:: WHAT THE TASK REQUIRES ::
In the records below, the relevant part opens with the line containing "Roger Raveel: Rode" and closes with the line containing "Türk-i çöreğin (lavaş) hazırlanışı"; print that part exactly and only, without its pictures.

Source data:
◇ ◇ ◇
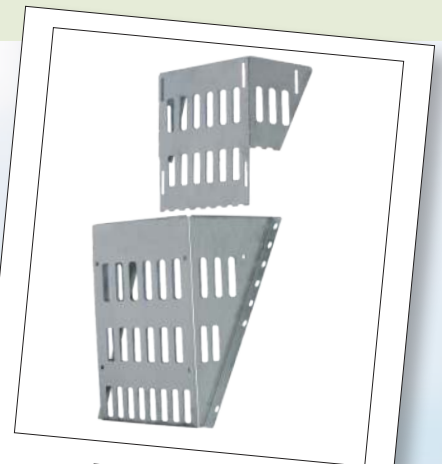
Funfeed 300 mit Option Flexblech
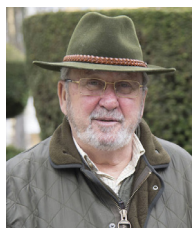
S. ITURMENDI PRESIDENTE ONC

“El reto del animalismo es enorme. Es un gran ogro que amenaza la caza, uno de los grandes problemas a los que nos enfrentamos. Es necesario desarrollar un argumentario para contrarrestar esa doctrina animalista”.
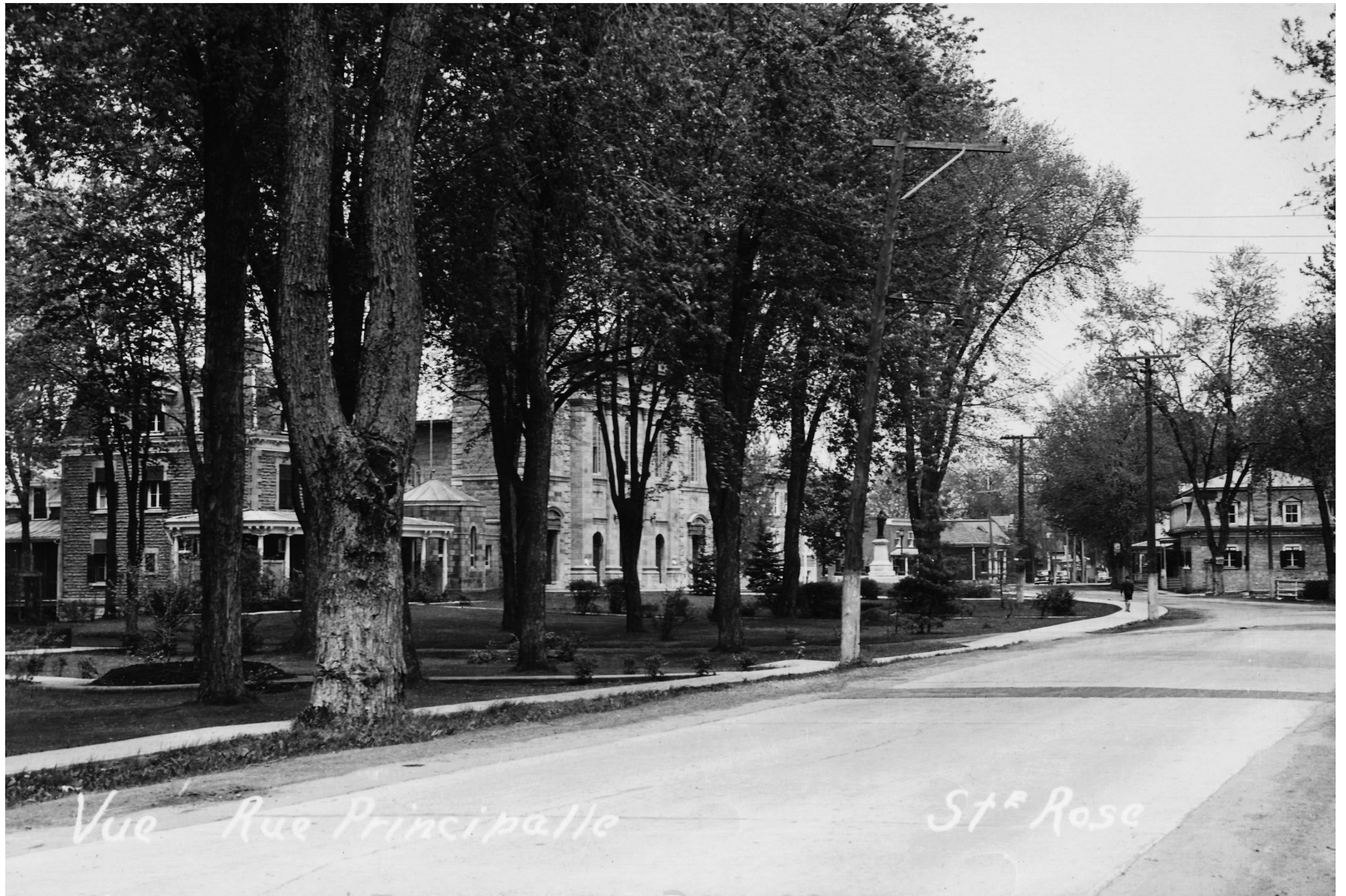
Vue Rue Principalle
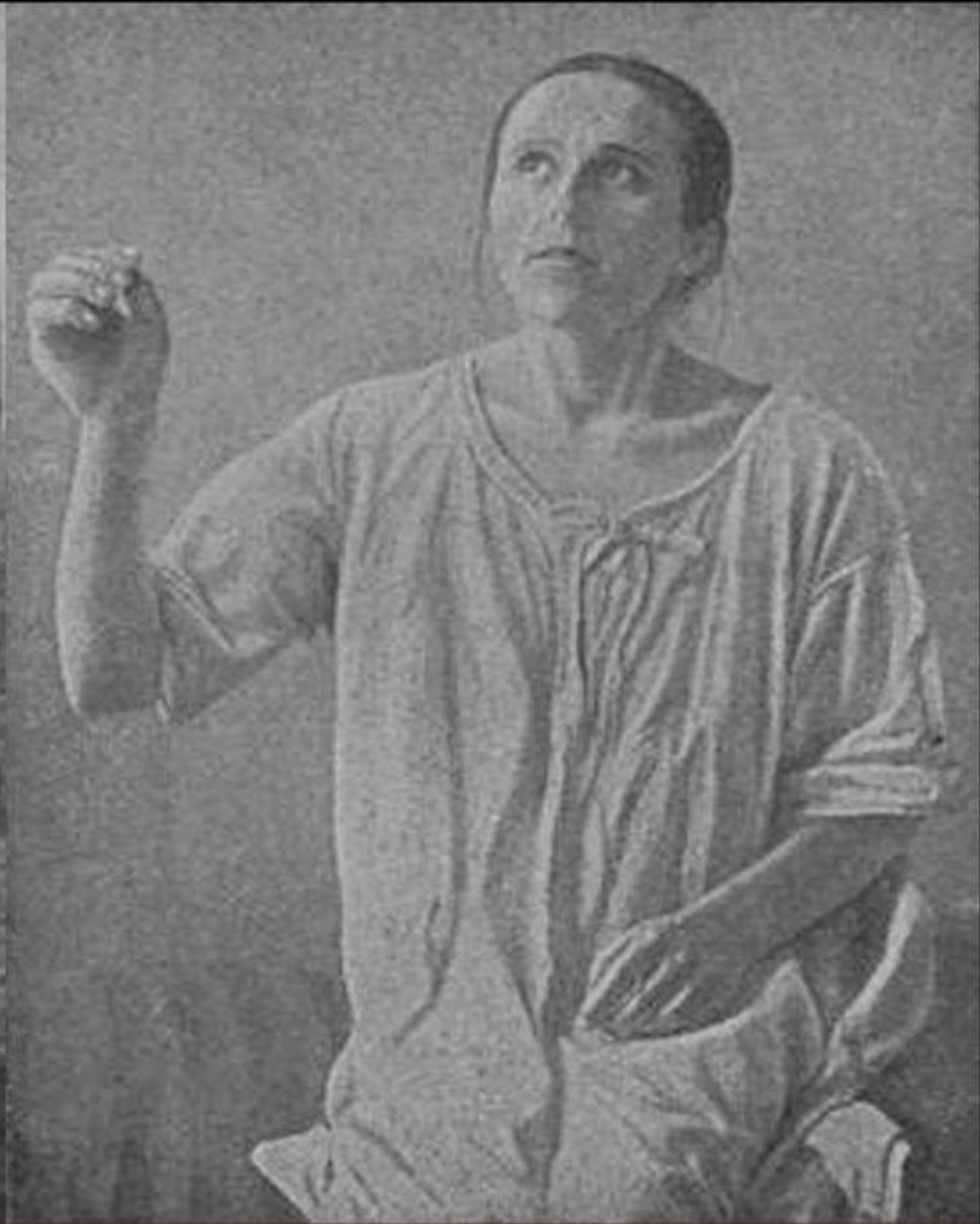
Параноидная шизофрения (вычурная поза, галлюцинаторно-параноидный синдром)
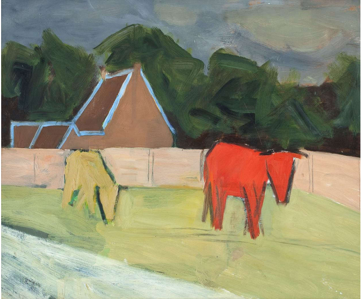
Roger Raveel: Rode koe (wahrscheinlich um 1948). Öl auf Leinwand, auf Sperrholz verklebt.
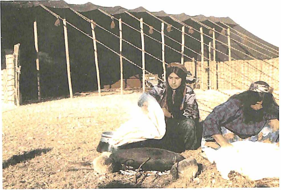
Türk-i çöreğin (lavaş) hazırlanışı
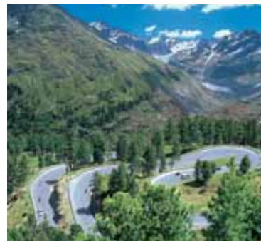
1 Gletscherstraße ins ewige Eis Die Kaunertaler Gletscher bringt Sie auf einer Länge von 26 Kilometern und 29 Kehren direkt an den Rand des „ewigen Eises“ auf 2750 m.
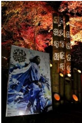
松平郷天下泰平の竹あかり
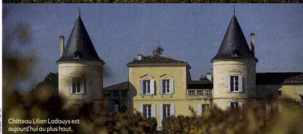
Château Lilian Ladouys est aujourd'hui au plus haut.
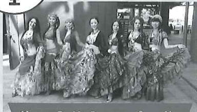
Neşe BellyDance Studio

岐阜、愛知をはじめ、各地で活躍しているベリーダンサーが集結。きらびやかな衣装をまとい、華やかに舞い踊ります。オリエンタル、ターキッシュロマ、フュージョン、アメリカントライバルスタイルなど、幅広いジャンルのベリーダンスをお楽しみください。
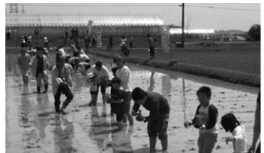
気持ちいい田植え体験
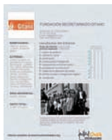
PÁGINA DE LA FSG EN LA “GUÍA DE LA TRANSPARENCIA Y LAS BUENAS PRÁCTICAS DE LAS ONG” EDITADA POR LA FUNDACIÓN LEALTAD.
◇ ◇ ◇
:: RESPONSE AREA ::
Roger Raveel: Rode koe (wahrscheinlich um 1948). Öl auf Leinwand, auf Sperrholz verklebt.
Türk-i çöreğin (lavaş) hazırlanışı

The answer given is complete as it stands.